(Recorded data)
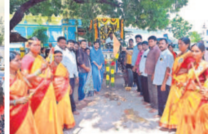
నార్యపల్లి : గణనాథుడిని నిమజ్జనం కోసం ఊరేగింపుగా తీసుకెళ్తున్న దేవాలయ నిధిబంది
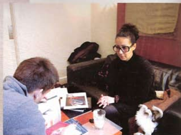
10.10: Er til møde på kaffebar om sin næste bog.
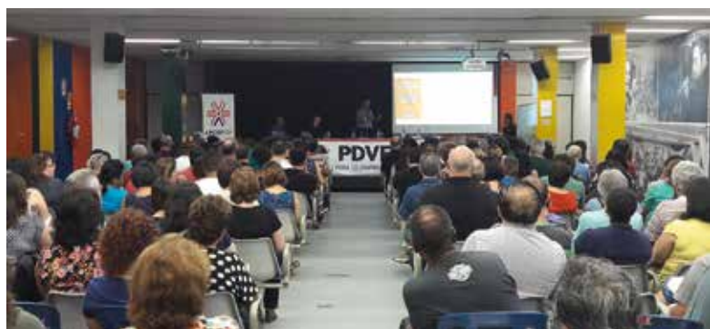
Palestra sobre o PDVE, em fevereiro, auxiliou os empregados em suas dúvidas sobre o Programa

Além disso, a direção da Caixa divulgou nesta semana uma reestruturação que prevê a extinção de filiais e a migração de trabalhadores. "Precisamos nos unir e lutar em defesa da Caixa, pois os ataques são cada vez mais intensos por parte do governo", finalizou.
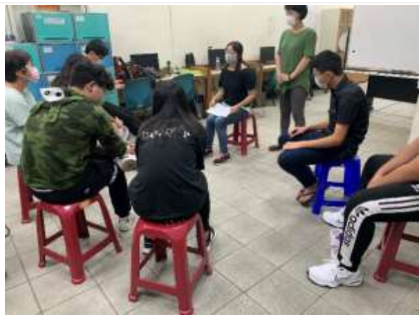
親子活動/親子教育-凹子底
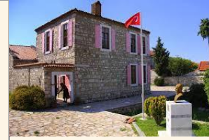
Necati Cumalı Anı ve Kültür Evi

Osmanlı döneminde bulaşıcı hastalıkların önüne geçilmesi amacıyla kullanılmıştır. 1865'te ilk Osmanlı karantina bölgesini kuran Fransızlardır. Kurulan tesis, ticaret ve yolcu gemileri ile özellikle kuzey hac yolu için gelen hacılar için düşünülmüş ve 1950 yılına kadar aktif kalmıştır. 150 yıl önce inşa edilen ve ölümcül hastalıklara ilk müdahalenin yapıldığı tahaffuzhane, dönemin en ileri sağlık merkezlerinin başında gelmektedir.
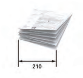
Paquets pliés standard
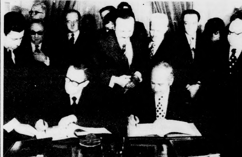
Andrej Gromiko szovjet és Ismail Fahmi egyiptomi külügyminiszter Kairóban a két ország közötti gazdasági, kulturális, és konzuli egyezményeket írt alá

Kedden délelőtt Kairóban folytatódott a megbeszélések Andrej Gromiko szovjet és Ismail Fahmi egyiptomi külügyminiszter között. A tárgyalások hétfői, első szakaszának lezárásaként mind Gromiko, mind Fahmi nyilatkozott. A szovjet külügyminiszter elmondta, hogy a tárgyalások átfogják a szovjet-egyiptomi viszony valamennyi területét és természetesen a közel-keleti térség helyzetét is részletesen megvizsgálják. „Nézeteink sok ponton találkoztak — mondta a szovjet külügyminiszter —, természetesen egy megbeszélés nem volt elegendő minden kérdés alapos megvitatására.” Ismail Fahmi kifejtette, hogy Egyiptom érdekelt abban, hogy a Szovjetunió továbbra is latba vesse nemzetközi befolyását az arab ügy
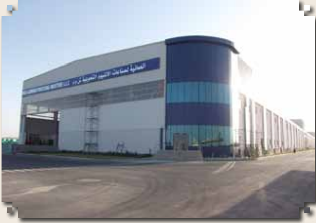
المصنع من الواجهة الأمامية
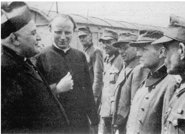
Nuntius Roncalli, der spätere Papst Johannes XXIII., bei einem seiner Besuche im Stacheldrahtseminar
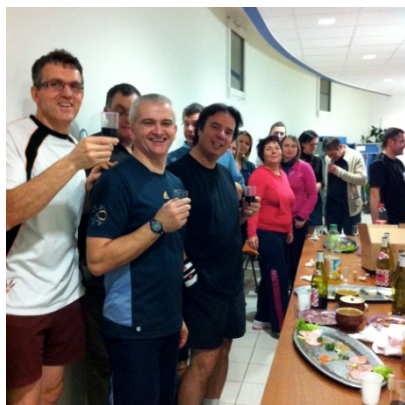
Des joueurs respectueux de la diététique !
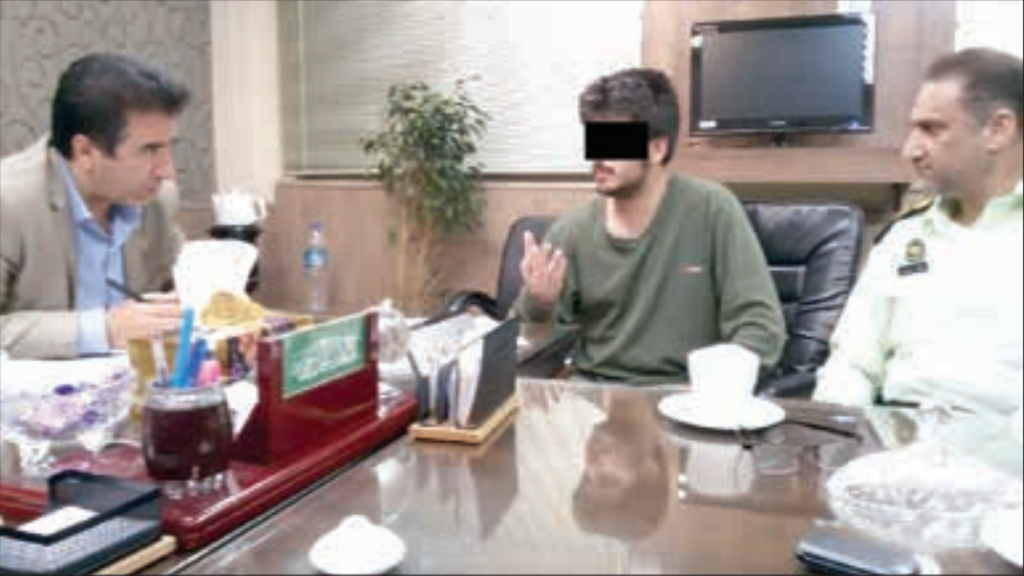
تیرانداخت قاتل مارمولک‌نشان قاضی بعد از دستگیری در حضور بازرس مرئی

گزارش خراسان حاکی است: در پی اعتراضات صریح متهم ودوبار بازسازی صحنه قتل، کیفرخواست این پرونده جنیم در دادرسی مشهد صادر و این پرونده در شعبه پنجم دادگاه کیفری یک خراسان رضوی توسط قاضی بنده و به مستشاری قاضی شجاع پور فدکی رسیدگی شد. قضات دادگاه پس از برگزاری چندین جلسه محاکمه که با حضور وکلای مدافع متهم برگزار شد، با توجه به دلایل و مدارک مستند و همچنین نظریه پزشکی قانونی، رای به قصاص نفس در ملاء عام دادند. همچنین متهم به خاطر جرایم دیگر مانند آدم ربایی به تحمل زندان طولانی مدت و اشد مجازات‌های قانونی محکوم شده‌است.
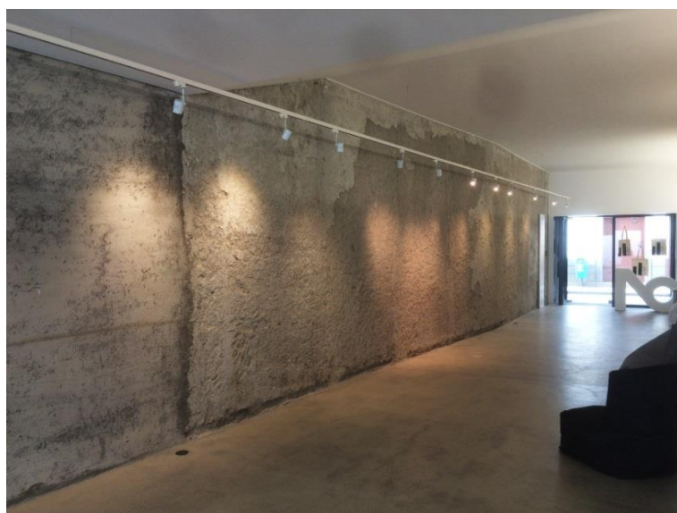
Figura 5 – Vista do pátio
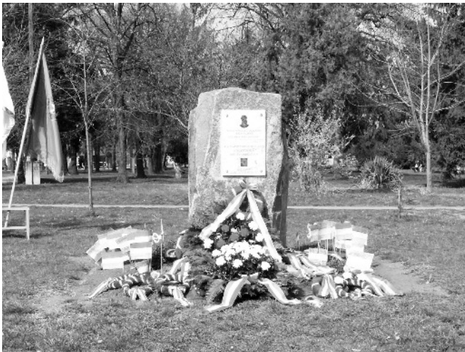
Tisztelt Ünneplő Egybegyűlték! Kedves Jászkiséri Polgárok!

Szeretettel köszöntöm ezen a szép tavaszi napon mindannyiukat, akik eljöttek ide, hogy együtt emlékezzünk.
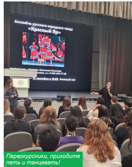
Первокурсники, приходите петь и танцевать!

Эти студенты пока вещь в себе, никто не может предсказать, кто и участников квеста «Тайна Alma Mater» будущий общественный активист. Но лидеры среди нескольких сотен человек, посетивших мероприятие, точно есть — скоро мы узнаем их имена.
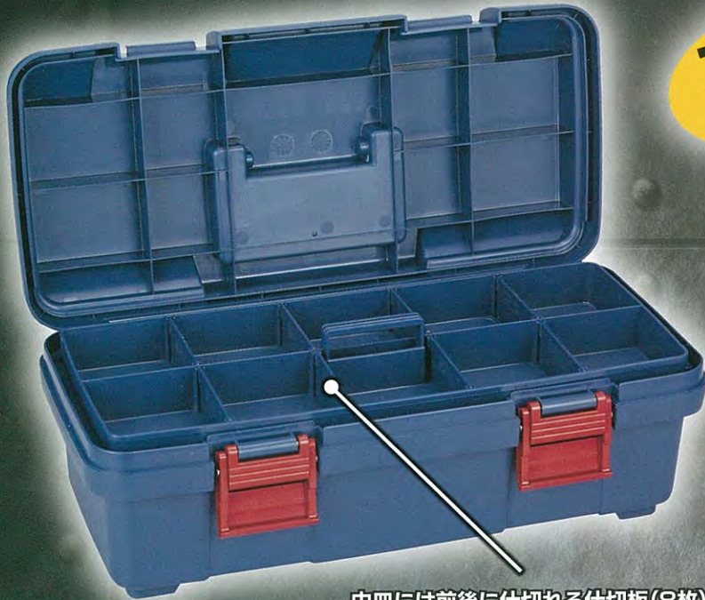
中皿には前後に仕切れる仕切板(8枚)付。

> **WHAT IS NEEDED**: Repeat only the stretch of data above that runs from the line with "Nuntius Roncalli, der" to the line with "Первокурсники, приходите петь и танцевать!". Keep both end lines; exclude pictures.

> **EXPECTED ANSWER**:
Nuntius Roncalli, der spätere Papst Johannes XXIII., bei einem seiner Besuche im Stacheldrahtseminar
Des joueurs respectueux de la diététique !
تیرانداخت قاتل مارمولک‌نشان قاضی بعد از دستگیری در حضور بازرس مرئی

گزارش خراسان حاکی است: در پی اعتراضات صریح متهم ودوبار بازسازی صحنه قتل، کیفرخواست این پرونده جنیم در دادرسی مشهد صادر و این پرونده در شعبه پنجم دادگاه کیفری یک خراسان رضوی توسط قاضی بنده و به مستشاری قاضی شجاع پور فدکی رسیدگی شد. قضات دادگاه پس از برگزاری چندین جلسه محاکمه که با حضور وکلای مدافع متهم برگزار شد، با توجه به دلایل و مدارک مستند و همچنین نظریه پزشکی قانونی، رای به قصاص نفس در ملاء عام دادند. همچنین متهم به خاطر جرایم دیگر مانند آدم ربایی به تحمل زندان طولانی مدت و اشد مجازات‌های قانونی محکوم شده‌است.
Figura 5 – Vista do pátio
Tisztelt Ünneplő Egybegyűlték! Kedves Jászkiséri Polgárok!

Szeretettel köszöntöm ezen a szép tavaszi napon mindannyiukat, akik eljöttek ide, hogy együtt emlékezzünk.
Первокурсники, приходите петь и танцевать!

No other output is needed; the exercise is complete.